Montessori Society AMI (UK)

Montessori Principles

The Montessori approach to education relies on several fundamental principles:

Planes of Development - The Way Children Grow

On the path from birth to adulthood the child passes through several distinct phases. In each of these phases he is not only physically different but he also has different psychological characteristics and therefore different developmental needs. At each phase, which Montessori called a ‘plane of development’, the child has such different physical and psychological characteristics that Montessori described the passing from one plane to the next as a ‘rebirth’, as if we have a new child at each new plane who will require a different environment just as the new born baby requires a different environment from the womb in which he has spent the last nine months.

Montessori called the first plane of development from zero to six years Infancy, that from six to twelve Childhood, from twelve to eighteen Adolescence and the final plane from eighteen to twenty-four Maturity.

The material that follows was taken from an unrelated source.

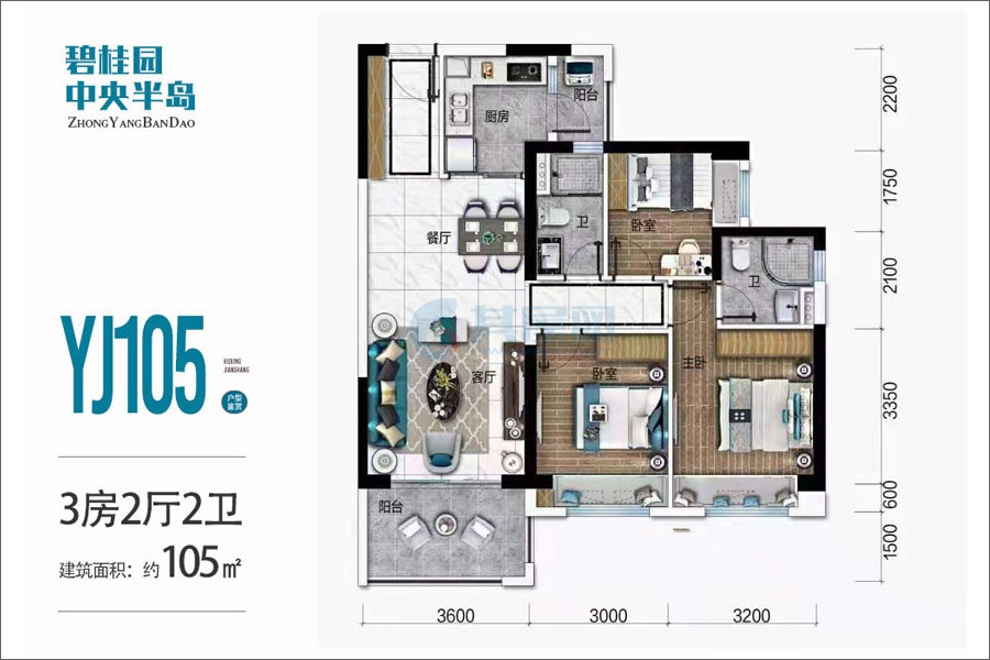 爱琴海-YJ105户型-建面约105平-三房两厅

Many psychologists have described these six different planes but it is only Montessori who has given a way to respond to this knowledge as a means of education and in this way she has redefined education as an ‘aid to life’ saying that if we support the natural development of the child at each plane then we will optimise development for the whole human being. There is a particular time in the child’s life when he is most able to take a particular developmental step. These opportunities must be grasped because when they are missed the development that can take place later will never be as complete as if it had happened at the right moment.

The Absorbent Mind – A Special Way of Thinking

In the first six years of life the child has a very special kind of mind. It is the kind of mind that means that the newborn baby can learn any language in which he is immersed simply by living. It is the kind of mind that means that every baby becomes a child of the culture into which he is born – taking on the customs, habits, feelings and sentiments of that culture simply by living. For this reason Montessori called it the Absorbent Mind because the young child seems to just soak up everything in his environment without even thinking about it. The fact that the child has a mind like this means that much emphasis must be put on education in the first six years of life, while the child learns with total ease.

Sensitive Periods – Offer Windows of Opportunity

Montessori observed that during the first six years of life the child has particular periods of time when they are driven to seek something in the environment that results in them becoming engaged in some kind of activity. This activity leads them to acquire certain traits that we consider to be human – the ability to speak a language, the ability to use our hands to express our thoughts, the ability to reason. These Sensitive Periods, which overlap and support each other, last for a limited period of time and have all faded by the time the child is six, provide a timetable for optimal natural development and the Montessori approach puts great emphasis on supporting them during the first plane of development.

Other sensitivities occur at particular times in the life of the older child and these are dictated by the characteristics of the child at each stage. Although these are not critical ‘windows of opportunity’ as with the Sensitive Periods they still offer an indication of the right time for particular developments to be made and as such, the support of them is given much emphasis in the Montessori approach.

Human Tendencies – The Way Humans Naturally Behave

From the moment he is born the small baby strives to orientate himself and explore the things in his world, he reaches out to abstract meaning from everything he experiences, he is driven to be independent and he wants to find a way to communicate with the people around him. He is urged to manipulate things with his hands in order to know what they are, to concentrate on the task in front of him and to repeat things in order to make everything that he does more and more perfect.
These developmental drives are all a part of the natural behaviour that humans beings take with them through life and that help the baby adapt to his new world and to develop. Maria Montessori called them the Human Tendencies and she said that the environment must allow for all of these to be freely expressed by the child if he is to flourish.

The Montessori approach is…

The Montessori approach to education rests on the premise of supporting the tendencies and sensitivities of each individual as they present themselves as different developmental needs at each stage of development. This can be summarised in the following way:

An environment that serves the particular needs of the child’s stage of development.

An adult who understands the developmental needs of the child and acts as a guide to help the child find his natural path of development. Freedom for the child to engage in his own development according to his own particular timeline.